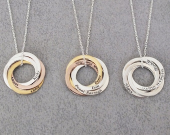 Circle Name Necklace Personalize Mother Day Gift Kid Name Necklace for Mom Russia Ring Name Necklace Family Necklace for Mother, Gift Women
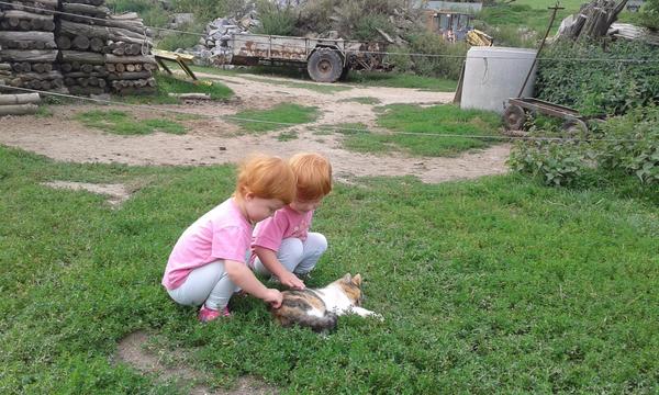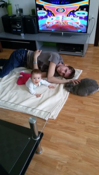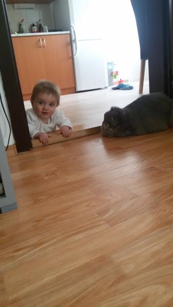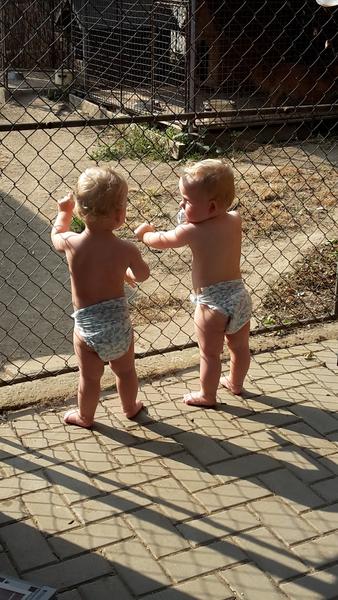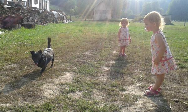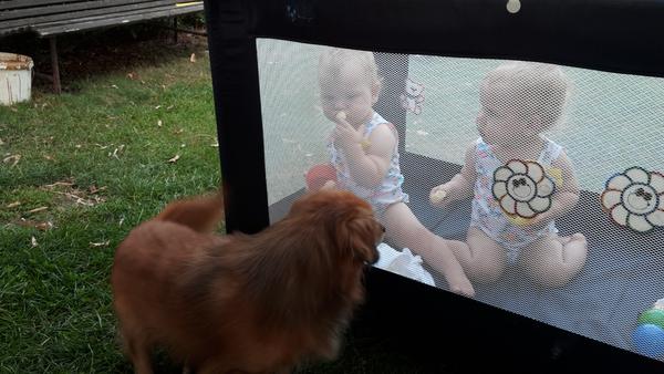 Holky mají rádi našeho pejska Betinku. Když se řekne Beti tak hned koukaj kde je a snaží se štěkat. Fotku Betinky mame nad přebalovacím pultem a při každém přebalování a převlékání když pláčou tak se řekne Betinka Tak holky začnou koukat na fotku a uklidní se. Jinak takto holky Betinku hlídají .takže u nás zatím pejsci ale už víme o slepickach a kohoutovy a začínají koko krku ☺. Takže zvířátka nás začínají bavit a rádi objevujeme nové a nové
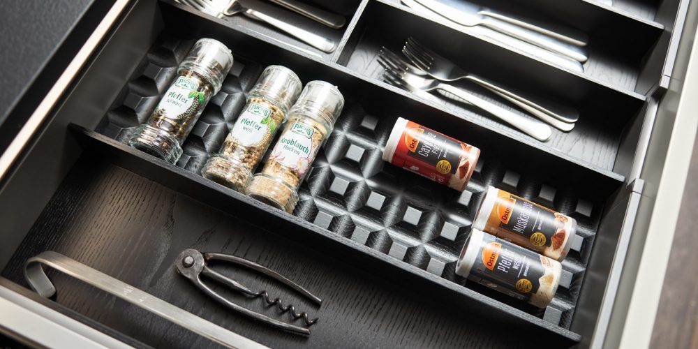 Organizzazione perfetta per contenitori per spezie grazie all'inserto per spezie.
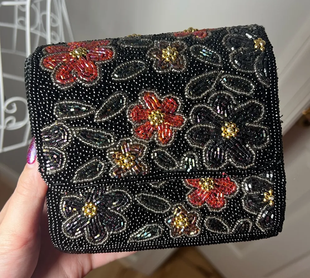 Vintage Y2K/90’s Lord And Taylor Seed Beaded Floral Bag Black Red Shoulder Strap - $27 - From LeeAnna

==

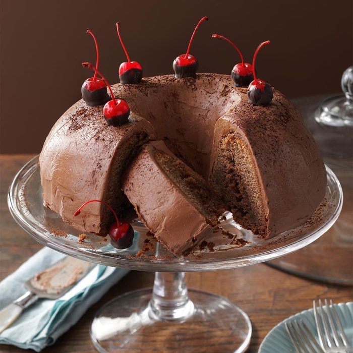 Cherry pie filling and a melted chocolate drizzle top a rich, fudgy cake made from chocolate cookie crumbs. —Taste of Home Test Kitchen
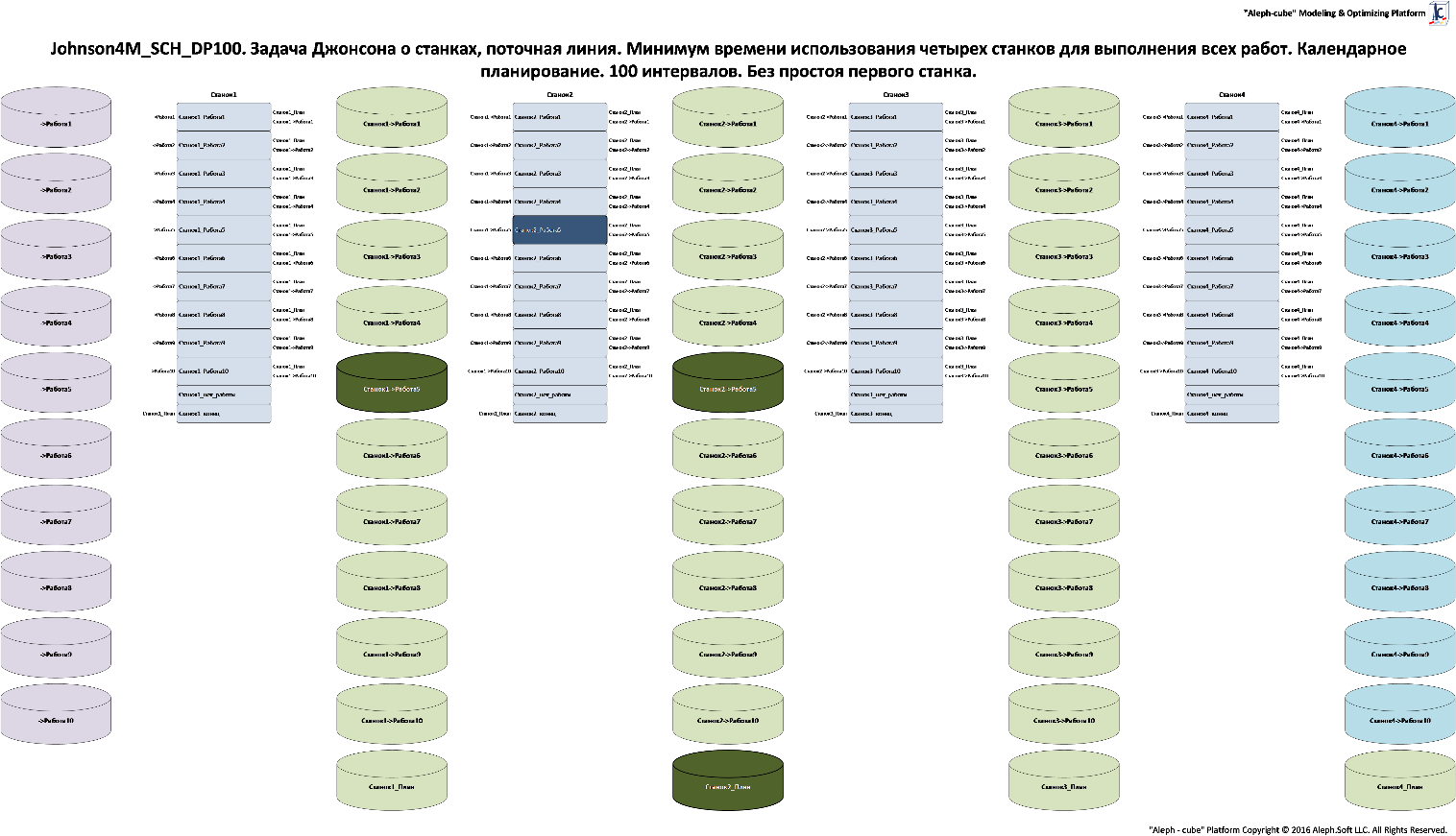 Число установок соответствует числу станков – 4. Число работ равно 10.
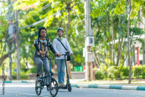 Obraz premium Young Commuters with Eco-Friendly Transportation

---

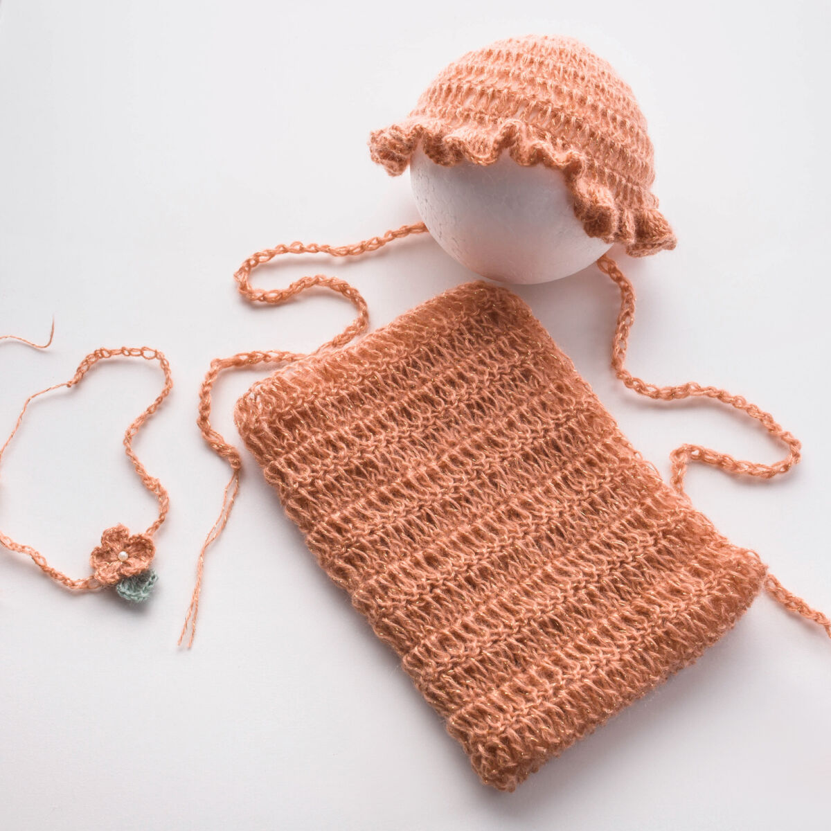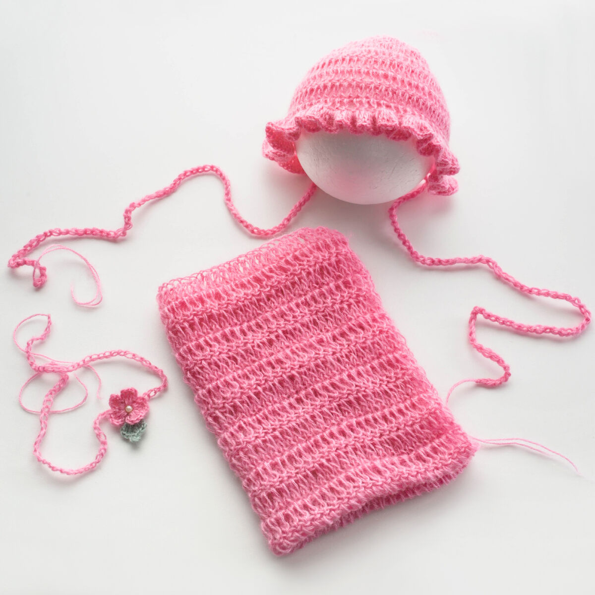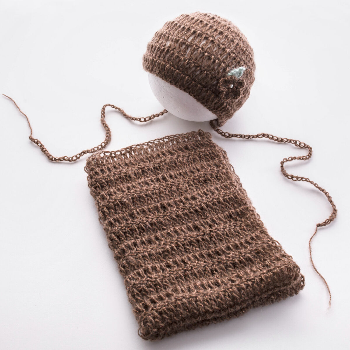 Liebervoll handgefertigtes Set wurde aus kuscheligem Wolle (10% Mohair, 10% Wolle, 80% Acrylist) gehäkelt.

- [Description of the task] Please return the data above exactly as it stands from the line with "Holky mají rádi" to the line with "Vintage Y2K/90’s Lord", keeping both of those lines but none of the pictures.

- [Expected answer]
 Holky mají rádi našeho pejska Betinku. Když se řekne Beti tak hned koukaj kde je a snaží se štěkat. Fotku Betinky mame nad přebalovacím pultem a při každém přebalování a převlékání když pláčou tak se řekne Betinka Tak holky začnou koukat na fotku a uklidní se. Jinak takto holky Betinku hlídají .takže u nás zatím pejsci ale už víme o slepickach a kohoutovy a začínají koko krku ☺. Takže zvířátka nás začínají bavit a rádi objevujeme nové a nové
 Organizzazione perfetta per contenitori per spezie grazie all'inserto per spezie.
 Vintage Y2K/90’s Lord And Taylor Seed Beaded Floral Bag Black Red Shoulder Strap - $27 - From LeeAnna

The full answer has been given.